DATA EXCERPT ::
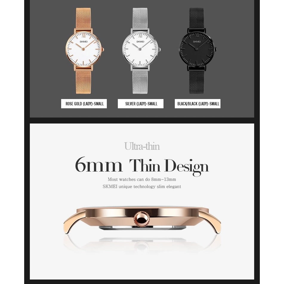 Jam Tangan SKMEI Seri 1185 dilengkapi dengan tampilan dan desain yang modern. Jam Tangan ini sangat cocok digunakan untuk keperluan sehari-hari khususnya bagi kaum Wanita untuk terlihat lebih unggul, keren dan Elegant.
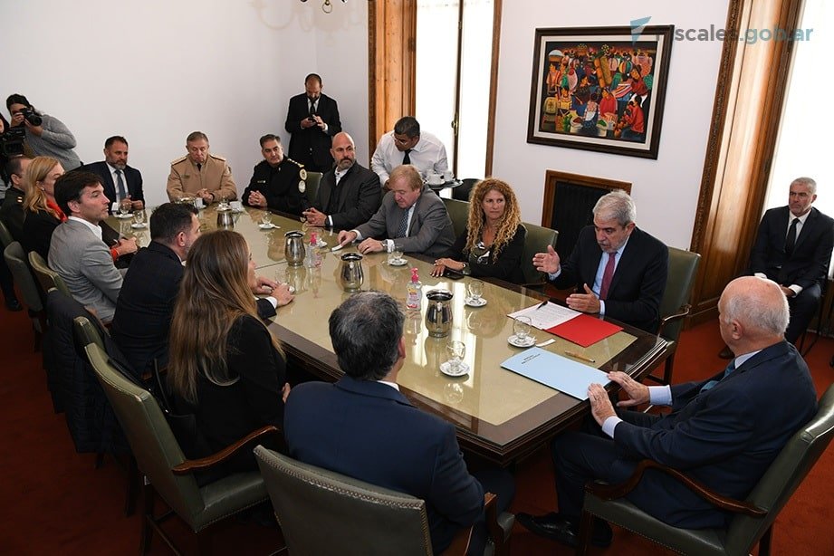 El ministro Fernández estuvo acompañado por el titular de la Unidad de Gabinete de Asesores, Lucas Gancerain; la secretaria de Seguridad y Política Criminal, Mercedes La Gioiosa; el director de Investigaciones del Ciberdelito, Pedro Janices; el director nacional de la Policía de Seguridad Aeroportuaria, José Alejandro Glinsky; el prefecto naval nacional Rubén Farinon; el jefe de la Policía Federal, Juan Carlos Hernández; y el director de Inteligencia Criminal e Investigaciones de la Gendarmería Nacional, Hugo Alejandro Miranda.
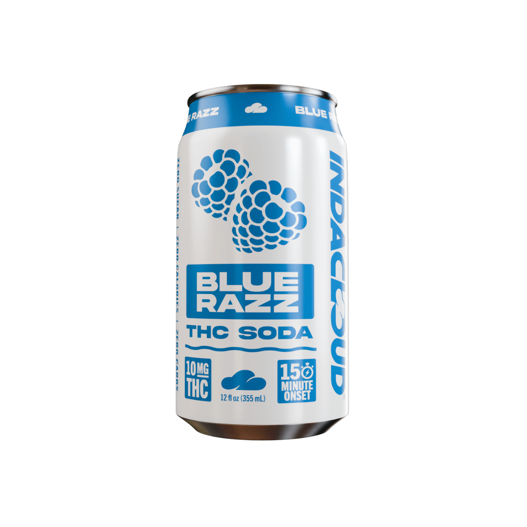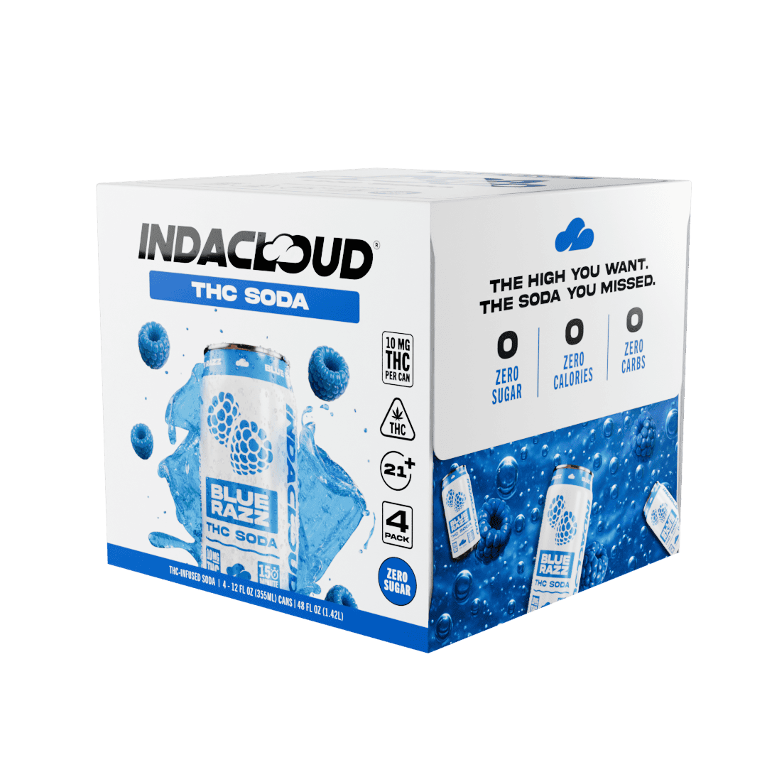 Indacloud Infused 12oz 10mg Cannabis Soda - Blue Razz (4ct) - 1/2 Case
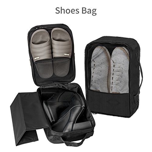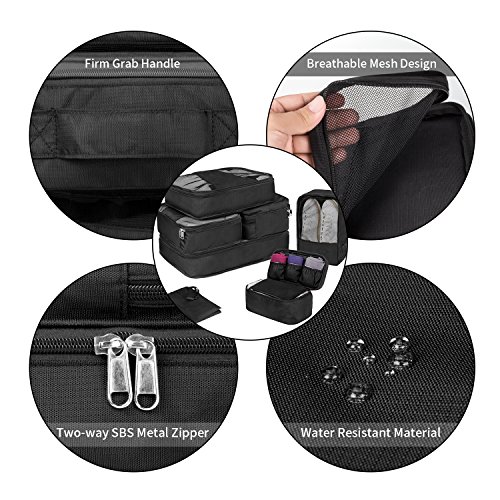 The Difference is in the Details - This LNGLAT packing cubes is crafted from durable and waterproof fabric with great quality stitching and binding edges. - Mesh top for visibility and breathability help you see into each box without having to unzip the lids, the TSA agent also can more easily see what's going through. - Webbing carry handle is strong enough that you can hang cubes for long periods of time without worrying that the weight of the items inside will cause the fabric to tear. - The interior compression straps help maximize the interior space of the cubes by squishing everything down, protect your garments against wrinkles throughout your trip. 0

TASK DETAILS ::
With the pictures removed, print only the lines starting at the line that has "El ministro Fernández" and ending at the line that has "Indacloud Infused 12oz", both ends included, exactly as they stand above.

RESPONSE ::
 El ministro Fernández estuvo acompañado por el titular de la Unidad de Gabinete de Asesores, Lucas Gancerain; la secretaria de Seguridad y Política Criminal, Mercedes La Gioiosa; el director de Investigaciones del Ciberdelito, Pedro Janices; el director nacional de la Policía de Seguridad Aeroportuaria, José Alejandro Glinsky; el prefecto naval nacional Rubén Farinon; el jefe de la Policía Federal, Juan Carlos Hernández; y el director de Inteligencia Criminal e Investigaciones de la Gendarmería Nacional, Hugo Alejandro Miranda.
 Indacloud Infused 12oz 10mg Cannabis Soda - Blue Razz (4ct) - 1/2 Case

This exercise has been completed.